I opened up my router’s config page (Linksys WRT54GL using the patched tomato firmware) and tried the usual suspects – 1. changing to a different channel; 2. moving the router away from possible sources of interference; 3. trying a USB wireless network adaptor I had lying around instead of my laptop’s built in wireless, all to no avail. I was still only getting around 700Kb/sec.

I went into the router’s Advanced settings page and had a look at the options in there. Hmm, let’s try disabling this Afterburner setting. Boom! Once that was disabled the file copy went up to 2Mb/sec. That setting is disabled by default, but I had enabled it when I first setup my router (a year ago) thinking it would probably make things faster. Well that wasn’t the case, it was slowing things down.
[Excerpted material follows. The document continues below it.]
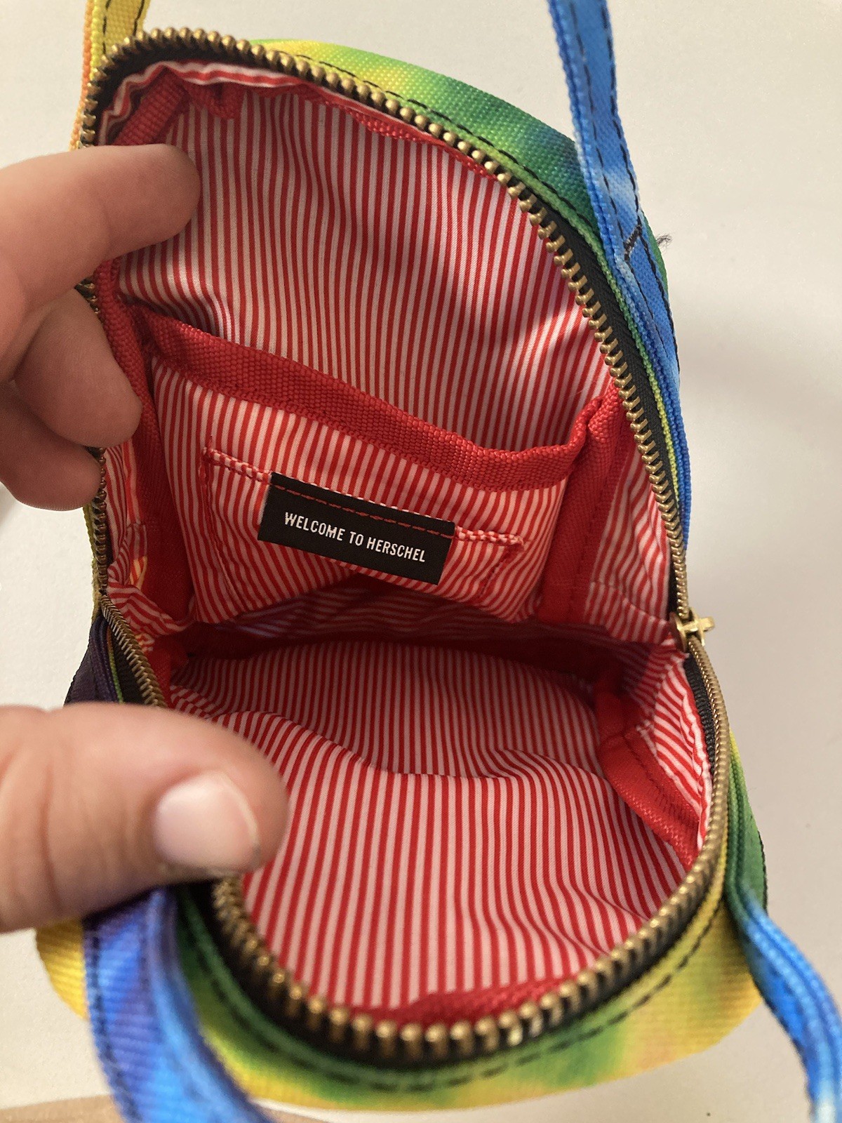 Herschel Supply Co Rainbow Tie Dye Mini Backpack Zip Top Pocket Adjustable Strap There are some marks on the back of the bag that may wash out. I’m almost sure if they will or not. See pictures for details
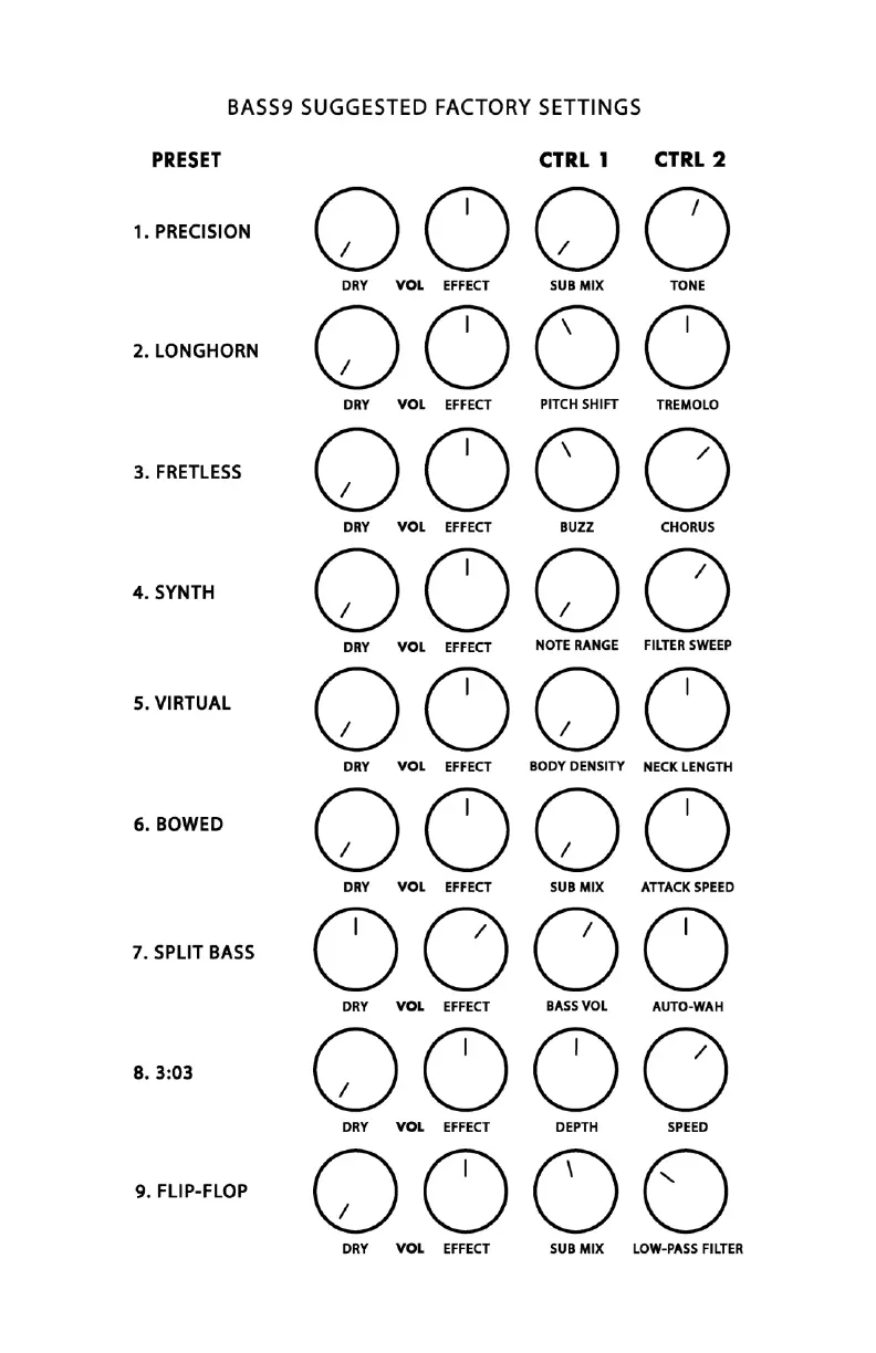 Eclectro-Harmonix Bass9 - Factory and User Settings; Suggested Factory Settings

I then tinkered with a few other settings, and I found that enabling Frame Burst sped things up a little bit, to around 2.5Mb/sec.

So yay, now I can watch recorded shows over my Wi-Fi g network! I don’t need to buy a 802.11n router and USB adaptor :-)

Moral of the story, which applies to all technology really - stick with the default settings to begin with, and once you know your baseline then tinker.